** WHAT YOU WILL DO **
Word-for-word transcription: reproduce all of the data, but not the pictures.

** EXERCISE DATA **
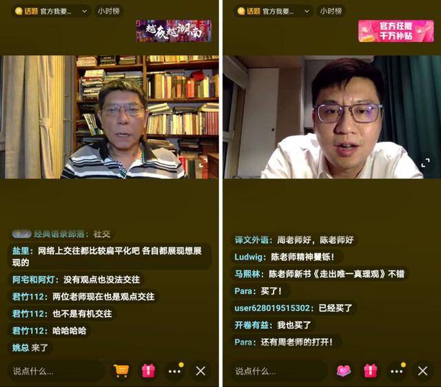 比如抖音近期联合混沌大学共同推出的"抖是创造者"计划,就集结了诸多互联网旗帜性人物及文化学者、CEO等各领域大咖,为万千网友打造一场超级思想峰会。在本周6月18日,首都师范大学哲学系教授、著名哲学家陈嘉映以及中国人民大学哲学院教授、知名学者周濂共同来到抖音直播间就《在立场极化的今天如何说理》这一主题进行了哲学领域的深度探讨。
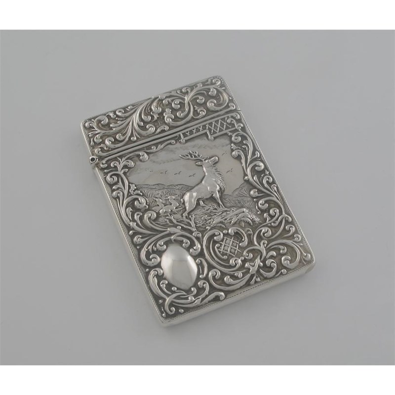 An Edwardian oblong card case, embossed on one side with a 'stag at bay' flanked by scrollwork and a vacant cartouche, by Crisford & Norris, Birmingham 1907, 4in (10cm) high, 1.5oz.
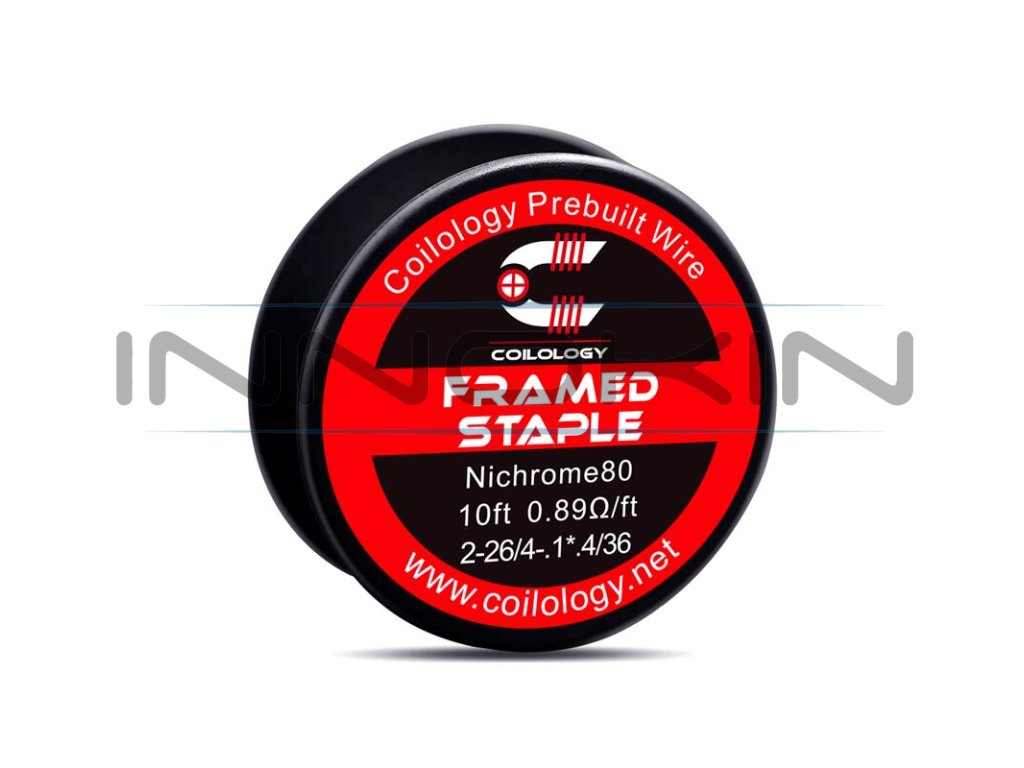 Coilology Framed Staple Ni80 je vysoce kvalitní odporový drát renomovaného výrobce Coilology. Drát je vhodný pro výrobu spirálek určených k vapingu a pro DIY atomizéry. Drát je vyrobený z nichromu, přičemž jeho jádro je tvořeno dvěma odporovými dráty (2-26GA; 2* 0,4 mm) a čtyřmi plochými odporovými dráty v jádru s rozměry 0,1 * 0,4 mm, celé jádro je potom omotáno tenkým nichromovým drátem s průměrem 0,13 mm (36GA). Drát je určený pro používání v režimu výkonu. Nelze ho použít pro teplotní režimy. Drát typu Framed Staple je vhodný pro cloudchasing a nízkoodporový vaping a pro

** RESULT FOR THIS EXERCISE **
 比如抖音近期联合混沌大学共同推出的"抖是创造者"计划,就集结了诸多互联网旗帜性人物及文化学者、CEO等各领域大咖,为万千网友打造一场超级思想峰会。在本周6月18日,首都师范大学哲学系教授、著名哲学家陈嘉映以及中国人民大学哲学院教授、知名学者周濂共同来到抖音直播间就《在立场极化的今天如何说理》这一主题进行了哲学领域的深度探讨。
 An Edwardian oblong card case, embossed on one side with a 'stag at bay' flanked by scrollwork and a vacant cartouche, by Crisford & Norris, Birmingham 1907, 4in (10cm) high, 1.5oz.
 Coilology Framed Staple Ni80 je vysoce kvalitní odporový drát renomovaného výrobce Coilology. Drát je vhodný pro výrobu spirálek určených k vapingu a pro DIY atomizéry. Drát je vyrobený z nichromu, přičemž jeho jádro je tvořeno dvěma odporovými dráty (2-26GA; 2* 0,4 mm) a čtyřmi plochými odporovými dráty v jádru s rozměry 0,1 * 0,4 mm, celé jádro je potom omotáno tenkým nichromovým drátem s průměrem 0,13 mm (36GA). Drát je určený pro používání v režimu výkonu. Nelze ho použít pro teplotní režimy. Drát typu Framed Staple je vhodný pro cloudchasing a nízkoodporový vaping a pro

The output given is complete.